# GIVEN DATA
------------------------------------------------------------

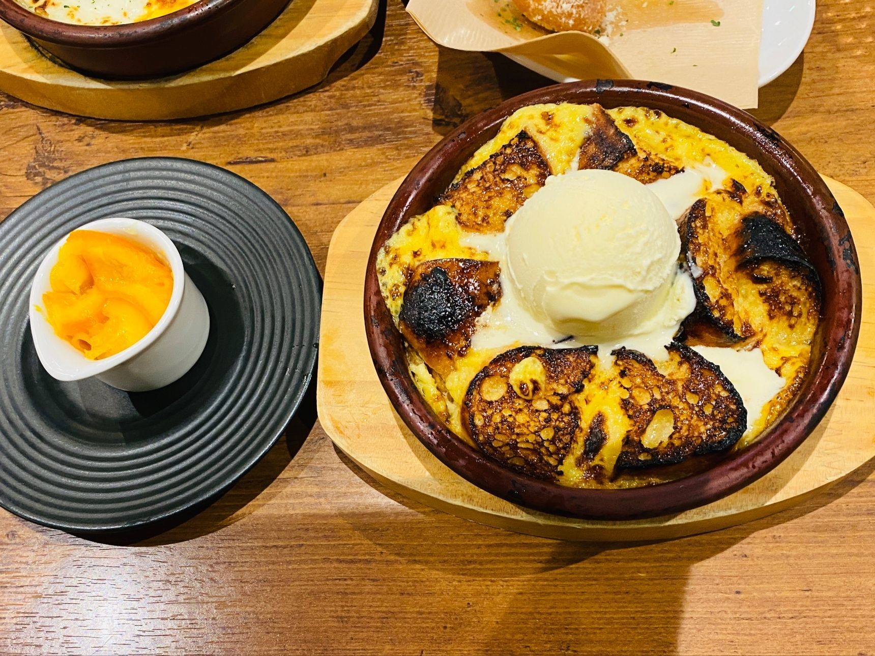 卵をたっぷり使った熱々のパンプディングにバニラジェートがトッピング!
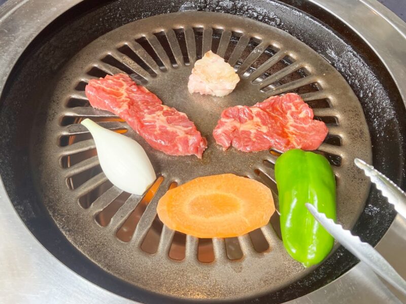 結構厚みのあるハラミ。野菜はじっくりと遠火で。
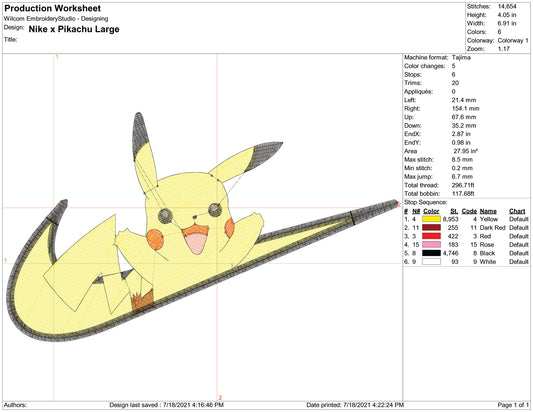 Pikachu Swoosh v3 Embroidery Files - 3 Size's
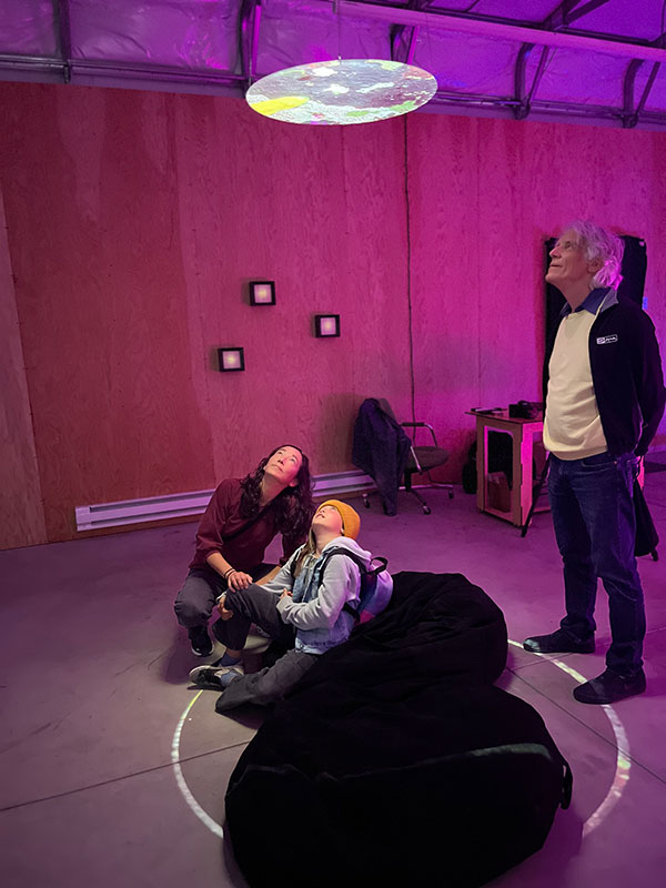Blue Lunar Eclipse is comprised of footage from tide pools superimposed on the dark side of the moon. Visitors lie on cushions and gaze up at the moon, which is alive with undersea exuberance.
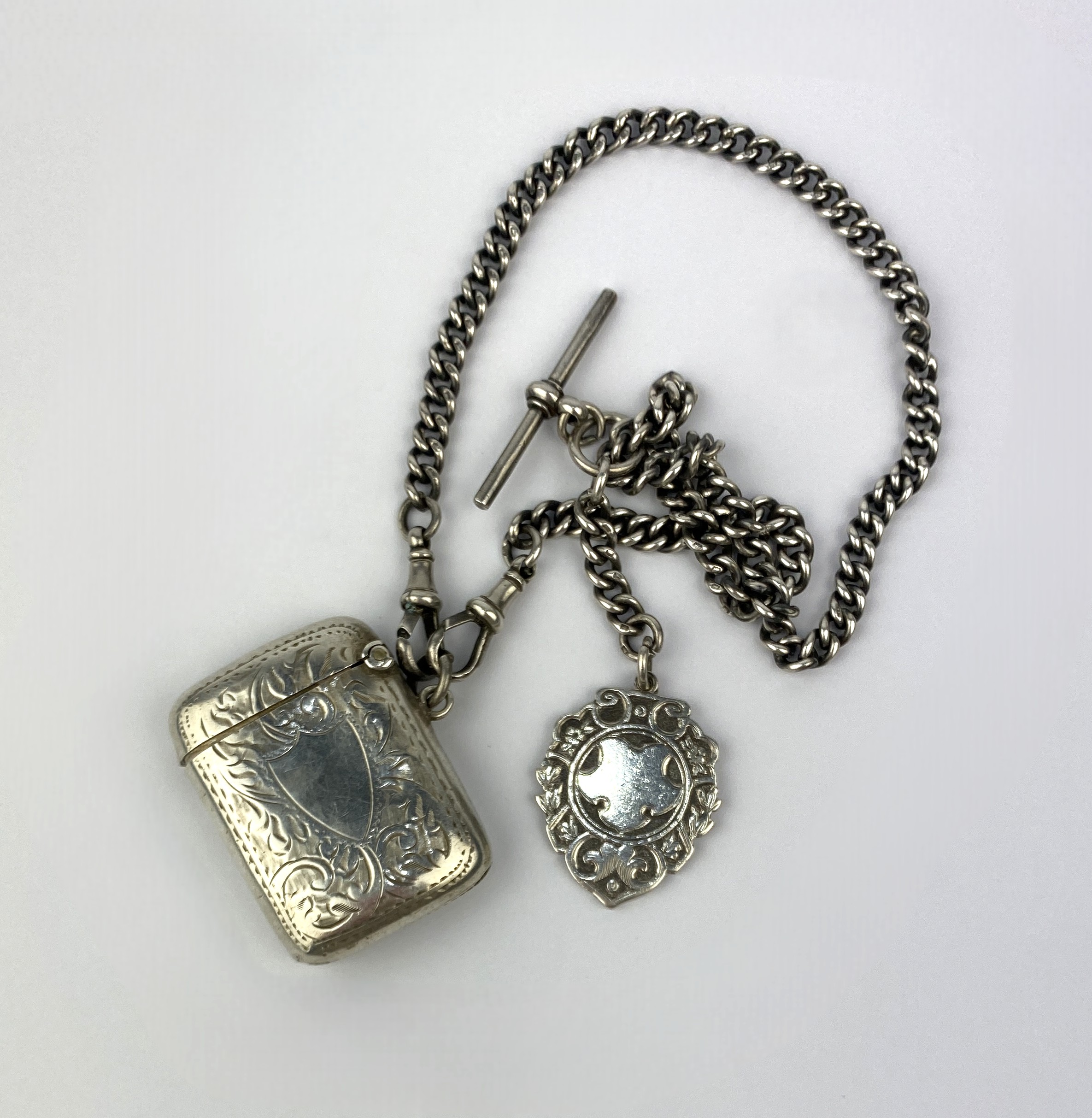 A silver curb link watch Albert chain with a silver fob medal Birmingham 1904 and a silver vesta case Birmingham 1915 gross weight 79g

------------------------------------------------------------

# WHAT YOU HAVE TO DO
Could you restate the material word for word, skipping any pictures it holds?

# TASK RESULT
 卵をたっぷり使った熱々のパンプディングにバニラジェートがトッピング!
 結構厚みのあるハラミ。野菜はじっくりと遠火で。
 Pikachu Swoosh v3 Embroidery Files - 3 Size's
Blue Lunar Eclipse is comprised of footage from tide pools superimposed on the dark side of the moon. Visitors lie on cushions and gaze up at the moon, which is alive with undersea exuberance.
 A silver curb link watch Albert chain with a silver fob medal Birmingham 1904 and a silver vesta case Birmingham 1915 gross weight 79g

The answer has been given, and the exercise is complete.